En très peu de temps, l’impact des attentats se faisait sentir, du point de vue économique comme du point de vue politique. La présidence de George Bush fils avait commencé par une volonté de retour à l’isolationnisme, symbolisée par la relance du projet de bouclier antimissile pour « sanctuariser » les États-Unis. Leurs alliés avaient le sentiment d’être traités avec plus d’arrogance que jamais. Du jour au lendemain, la nécessité d’organiser une riposte amena les États-Unis à rechercher l’appui de leurs alliés et à mettre en place une coalition aussi large que possible.

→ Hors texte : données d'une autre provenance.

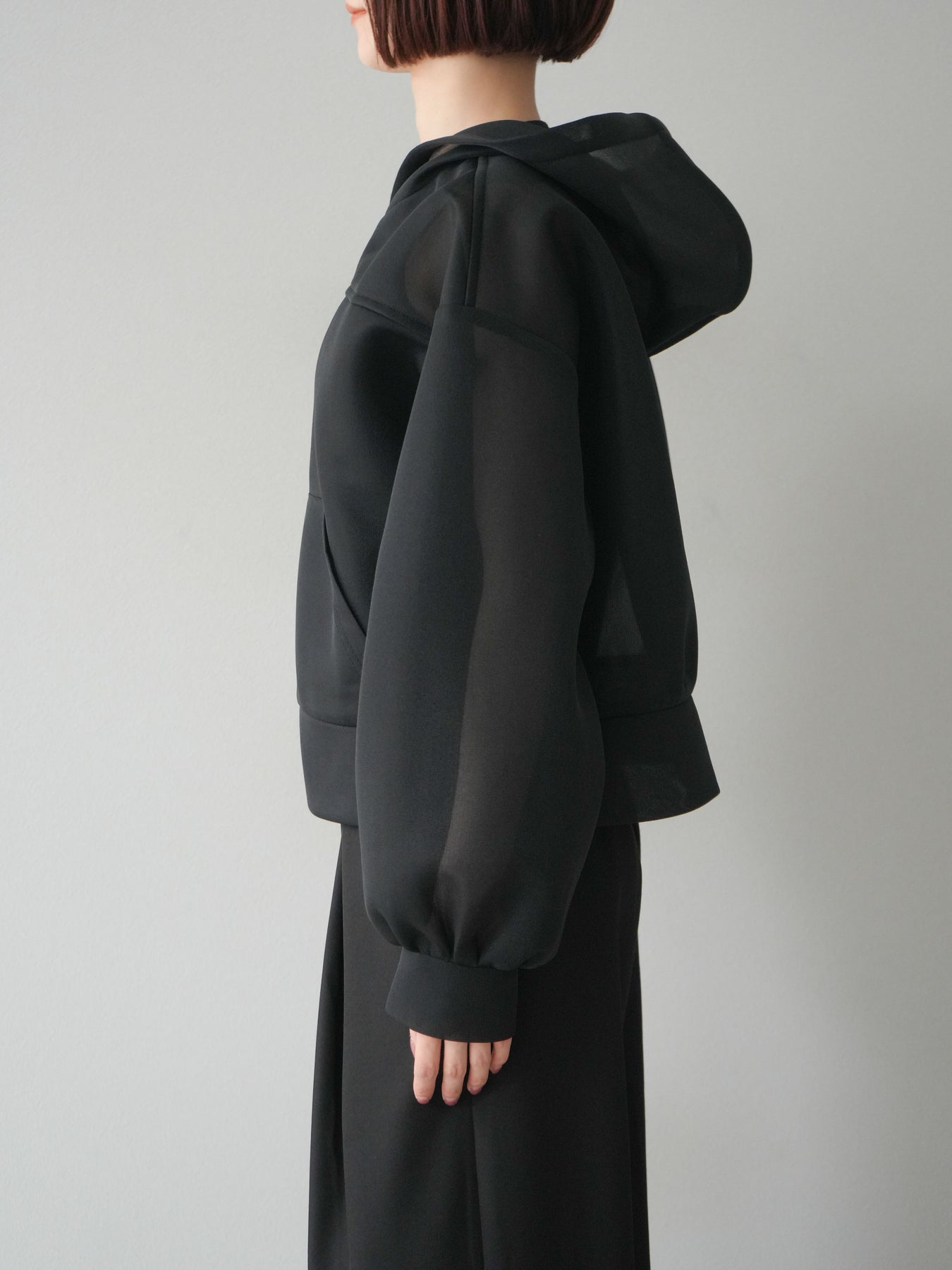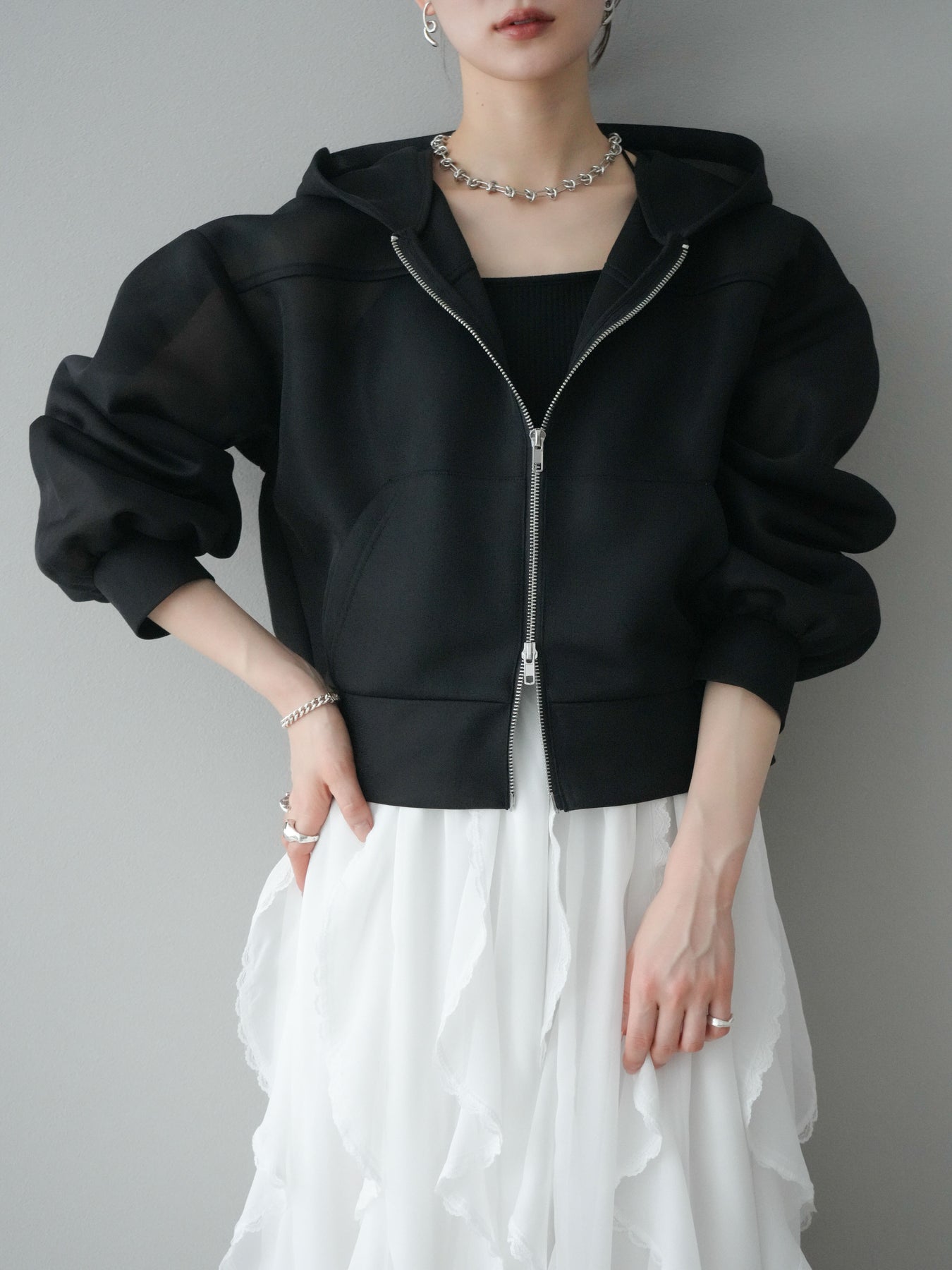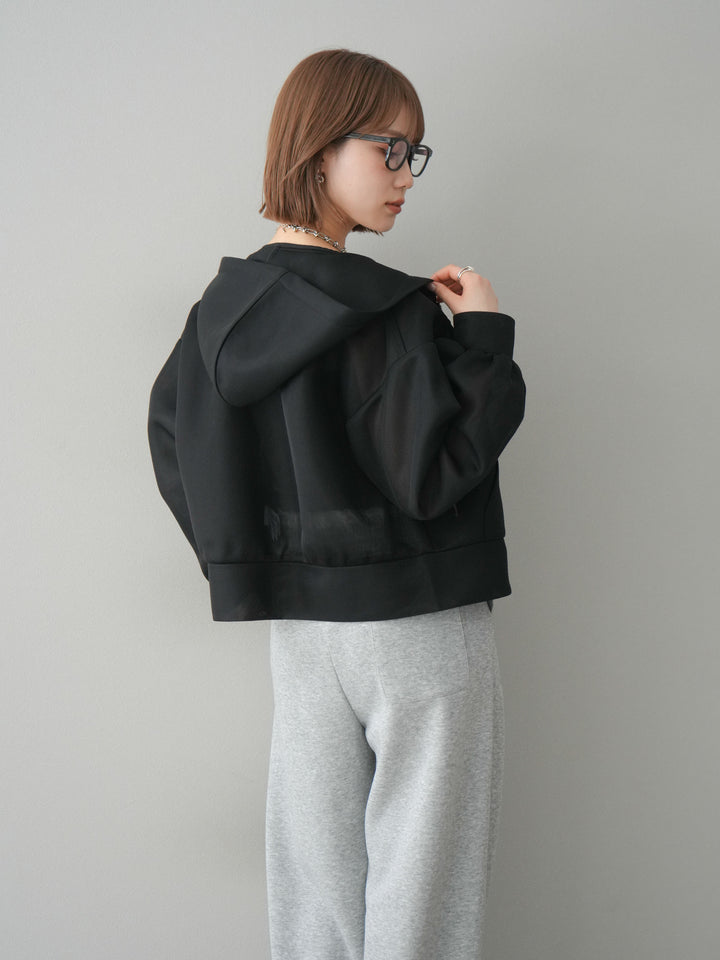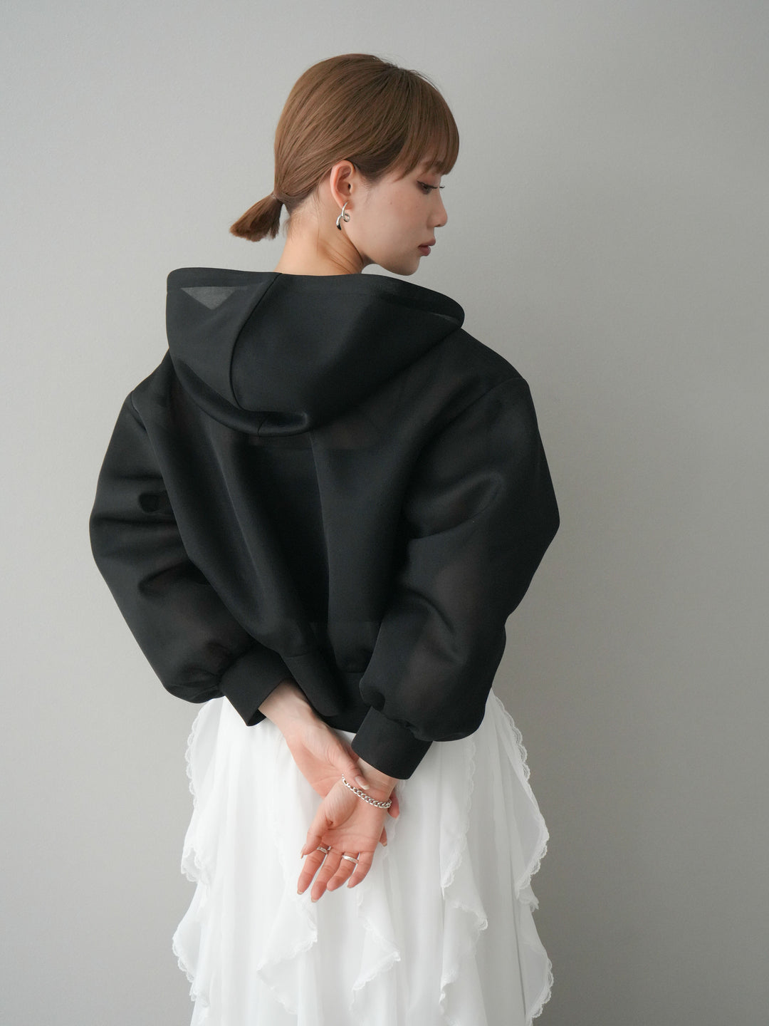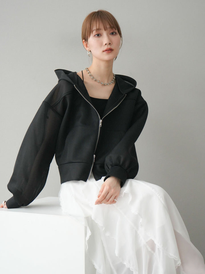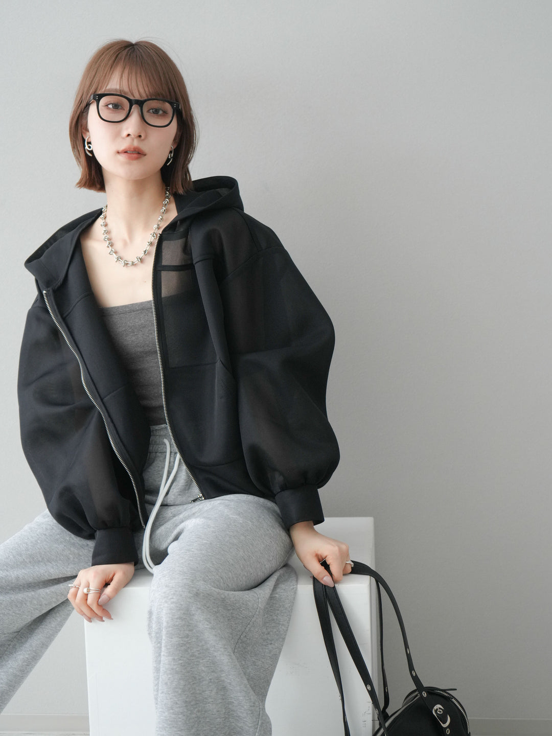 トレンドのシアー素材を取り入れたダンボールフーディー。軽やかな透け感がありながら、程よいハリ感でシルエットを美しくキープします。ボリュームスリーブとショート丈のデザインがバランスよく、カジュアルながらも洗練された印象に。羽織るだけでこなれたスタイリングが完成する、季節の変わり目にぴったりの一枚です。 ※ボトムス、キャミソール(インナー)以外の商品は一律でインナーは付属していません

Les attentats du 11 septembre, pour audacieux et inattendus qu’ils soient, restent des attentats terroristes classiques. Ils transposent ni plus ni moins, à l’échelle de la puissance de destruction de l’avion de ligne, la technique de l’attentat-suicide des camions de Beyrouth en 1983. La stratégie tamoule consistant à porter la destruction sur le territoire de l’adversaire, qui avait largement démontré son efficacité, était également reprise, et c’est sans doute ce qui en constitua l’aspect le plus marquant. L’attentat avorté du World Trade Center de 1993 fut un signe précurseur dont les services américains n’avaient pas suffisamment tenu compte. De l’avis général, les services secrets américains ont, depuis des années, négligé l’infiltration et se sont concentrés sur le renseignement technologique. Le retentissement des attentats tient au fait qu’ils ont eu lieu aux États-Unis, qu’ils ont touché de façon spectaculaire des sites hautement symboliques et qu’ils ont fait un nombre de victimes encore jamais atteint par le terrorisme non étatique : près de trois mille morts ou disparus. Toutes ces circonstances ne permettent pas pour autant de parler d’une nouvelle ère du terrorisme, substantiellement différente de la situation d’avant le 11 septembre.

Depuis l’attentat au gaz sarin commis par la secte Aum Shinrikyo dans le métro de Tokyo en mars 1995, les autorités américaines ont été obnubilées par le « terrorisme de destruction de masse » contre lequel étaient mobilisés tous les crédits de recherche. Elles ont de ce fait sous-estimé les possibilités du terrorisme classique, dès lors que celui-ci intégrait la conception du commando-suicide.

Peu après les attentats du 11 septembre, cependant, apparaissait une menace nouvelle, de type biologique : la maladie du charbon (en anglais anthrax) véhiculée par une poudre blanche envoyée par courrier à des adresses ciblées. Les premiers touchés ont été des professionnels des médias. Ensuite furent visées les institutions politiques. Les auteurs de cette campagne n’étaient toujours pas connus à l’heure où ces lignes furent écrites mais, là non plus, il ne s’agissait pas de terrorisme de destruction de masse. Quatre morts au début de novembre 2001 et moins d’une vingtaine de contaminations sérieuses, cela démontrait que l’impact psychologique de la campagne était bien supérieur à ses effets physiques, ce qui est la définition même du terrorisme.

La riposte américaine en Afghanistan visait essentiellement à faire tomber un régime dont le territoire s’était transformé en centre d’entraînement pour la formation militaire des islamistes désireux de participer, soit à l’échelle internationale, soit à l’échelle nationale, aux divers combats menés par cette mouvance. Le terrorisme islamiste n’en sera pas éradiqué pour autant, mais il se trouvera sérieusement affaibli. Quant au but des auteurs des attentats, il était, comme dans toute action terroriste, de pousser à l’affrontement en radicalisant les antagonismes. Il s’agissait, dans ce cas, de provoquer, par la riposte escomptée des États-Unis, la déstabilisation et la chute de divers régimes arabes alliés des puissances occidentales (Arabie Saoudite, Égypte), sous la pression des masses musulmanes en colère contre des traîtres complices du « Grand Satan ».